Orage, s. m. (Poésie.) grosse pluie, ordinairement de peu de durée, mais accompagnée d’un vent impétueux, & quelquefois de grêle, d’éclairs, & de tonnerre. Le lecteur sera peut-être bien-aise de se délasser à lire ici la description que fait M. Thompson d’un orage d’automne dans les îles britanniques : c’est un tableau plein de poésie & de sentimens d’humanité.

« Le sud brûlant s’arme d’un souffle puissant qui détruit les travaux de l’année. A peine voit-on d’abord la pointe des arbres trembler, un murmure tranquille se glisse au long des moissons qui s’inclinent doucement ; mais la tempête croît, s’éleve ; l’atmosphere s’ébranle & se remplit d’une humidité pénétrante, invisible, & immense, qui se précipite avec impétuosité sur la terre. Les forêts agitées jettent au loin des nuées de feuilles bruyantes. Les montagnes voisines battues de l’orage, poussent la tempête brisée, & la renvoient en torrens dans le vallon. La plaine fertile flotte en ondes, découverte & exposée à la plus grande fureur du vent. La mer de la moisson ne peut éviter le coup qui la menace, quoiqu’elle plie à l’orage, elle est arrachée & enlevée dans l’air, ou réduite en chaume inutile par l’ébranlement qui la détruit.

» Quelquefois l’horison noircit, fond & descend en fleuve précipité, tandis que la tempête semble se reproduire. L’obscurité s’augmente, le déluge s’accroît, les champs noyés de toutes parts, perdent leurs fruits couchés sous l’inondation. Tout-à-coup des ruisseaux sans nombre se précipitent tumultueusement, rougis, jaunis ou blanchis, par la terre des collines qu’ils entraînent ; la riviere s’enfle & quitte ses bords.
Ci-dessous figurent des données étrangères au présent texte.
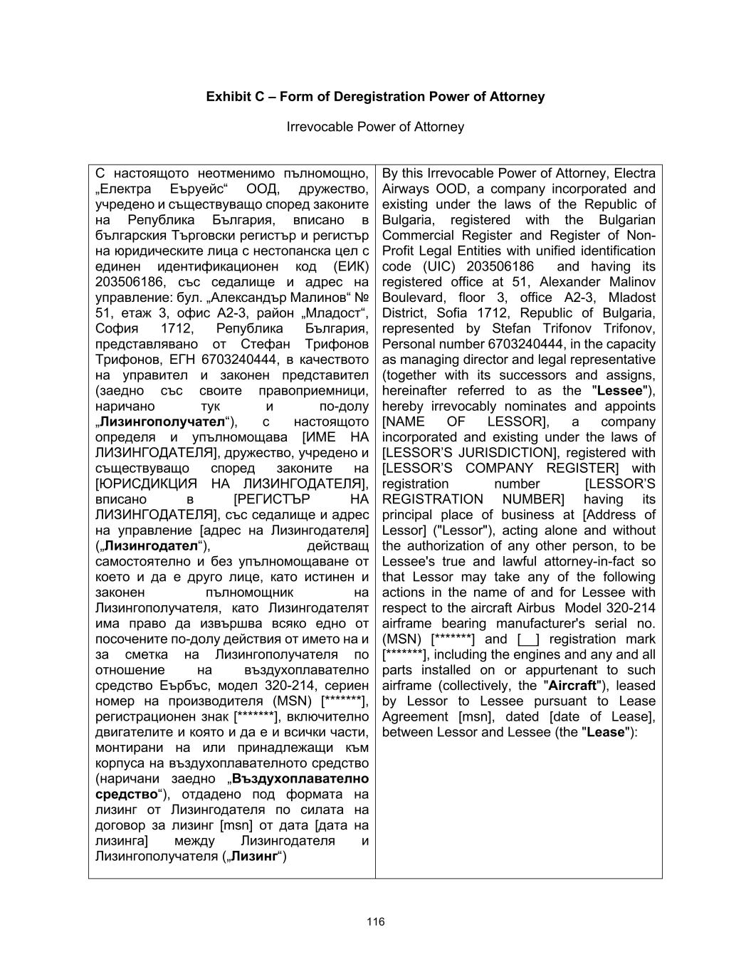 116 Exhibit C – Form of Deregistration Power of Attorney Irrevocable Power of Attorney С настоящото неотменимо пълномощно, „Електра Еъруейс“ ООД, дружество, учредено и съществуващо според законите на Република България, вписано в българския Търговски регистър и регистър на юридическите лица с нестопанска цел с единен идентификационен код (ЕИК) 203506186, със седалище и адрес на управление: бул. „Александър Малинов“ № 51, етаж 3, офис А2-3, район „Младост“, София 1712, Република България, представлявано от Стефан Трифонов Трифонов, ЕГН 6703240444, в качеството на управител и законен представител (заедно със своите правоприемници, наричано тук и по-долу „Лизингополучател“), с настоящото определя и упълномощава [ИМЕ НА ЛИЗИНГОДАТЕЛЯ], дружество, учредено и съществуващо според законите на [ЮРИСДИКЦИЯ НА ЛИЗИНГОДАТЕЛЯ], вписано в [РЕГИСТЪР НА ЛИЗИНГОДАТЕЛЯ], със седалище и адрес на управление [адрес на Лизингодателя] („Лизингодател“), действащ самостоятелно и без упълномощаване от което и да е друго лице, като истинен и законен пълномощник на Лизингополучателя, като Лизингодателят има право да извършва всяко едно от посочените по-долу действия от името на и за сметка на Лизингополучателя по отношение на въздухоплавателно средство Еърбъс, модел 321-111, сериен номер на производителя (MSN) [*******], регистрационен знак [*******], включително двигателите и която и да е и всички части, монтирани на или принадлежащи към корпуса на въздухоплавателното средство (наричани заедно „Въздухоплавателно средство“), отдадено под формата на лизинг от Лизингодателя по силата на договор за лизинг [msn] от дата [дата на лизинга] между Лизингодателя и Лизингополучателя („Лизинг“) By this Irrevocable Power of Attorney, Electra Airways OOD, a company incorporated and existing under the laws of the Republic of Bulgaria, registered with the Bulgarian Commercial Register and Register of Non- Profit Legal Entities with unified identification code (UIC) 203506186 and having its registered office at 51, Alexander Malinov Boulevard, floor 3, office A2-3, Mladost District, Sofia 1712, Republic of Bulgaria, represented by Stefan Trifonov Trifonov, Personal number 6703240444, in the capacity as managing director and legal representative (together with its successors and assigns, hereinafter referred to as the "Lessee"), hereby irrevocably nominates and appoints [NAME OF LESSOR], a company incorporated and existing under the laws of [LESSOR’S JURISDICTION], registered with [LESSOR’S COMPANY REGISTER] with registration number [LESSOR’S REGISTRATION NUMBER] having its principal place of business at [Address of Lessor] ("Lessor"), acting alone and without the authorization of any other person, to be Lessee's true and lawful attorney-in-fact so that Lessor may take any of the following actions in the name of and for Lessee with respect to the aircraft Airbus Model 321-111 airframe bearing manufacturer's serial no. (MSN) [*******] and [__] registration mark [*******], including the engines and any and all parts installed on or appurtenant to such airframe (collectively, the "Aircraft"), leased by Lessor to Lessee pursuant to Lease Agreement [msn], dated [date of Lease], between Lessor and Lessee (the "Lease"):

Les brebis, la moisson, les cabanes roulent ensemble emportées par la cruelle vague. Tout ce que les vents ont épargné, céde à ce dernier effort, qui ruine en un instant les plus hautes espérances, & dissipe les trésors mérités, fruits de l’année laborieuse.

» Le laboureur sans secours fuit sur les hauteurs, considere le malheureux naufrage de tout son bien, ses troupeaux noyés, & tous ses travaux dispersés. Les besoins de l’hiver s’offrent en ce cruel moment à la pensée tremblante : il frémit, il croit entendre les cris de ses chers enfans affamés.

» Vous maîtres accourez, consolez-le, séchez ses larmes, & ne soyez alors occupés que de soutenir la main rude & laborieuse, qui vous procurera l’aisance dans laquelle vous vivez : donnez du moins des vêtemens grossiers à ceux dont le travail a fourni la chaleur & la parure de vos habits : veillez encore au soin de cette pauvre table, qui a couvert la vôtre de luxe & d’abondance : soyez compatissans enfin, & gardez-vous d’exiger ce que les vents orageux & les affreuses pluies viennent de moissonner sans retour ». (D. J.)

ORAGEUX, adj. (Gram.) qui menace d’orage, qui y est sujet. On dit un tems orageux, dans le premier sens ; & une mer orageuse, dans le second.

ORAIRE, s. m. orarium, terme de Liturgie ; c’est le nom qu’on a autrefois donné à cette partie des vêtemens sacrés des prêtres & des diacres, que nous appellons aujourd’hui étole : on mettoit l’oraire sur la tunique ou dalmatique ; mais les Bollandistes remarquent que ce mot n’a pas toujours la même signification ; qu’il se prend quelquefois pour rochet ou

  1. Il n’y a pas d’année où la grêle ne ravage la moitié, quelquefois les trois quarts des diocêses de Rieux, Comminges, Couserans, Auch & Lombez, sans compter que les endroits épargnés rendent beaucoup moins, parce que le propriétaire découragé néglige la culture de son champ, & souvent le laisse en friche n’ayant pas de quoi semer ; il y a même certains quartiers dans ces différens diocèses qui sont grélés régulierement toutes les années, souvent deux, trois, jusqu’à quatre fois dans la même année ; ce fait est certain, & l’auteur ne le sait que trop.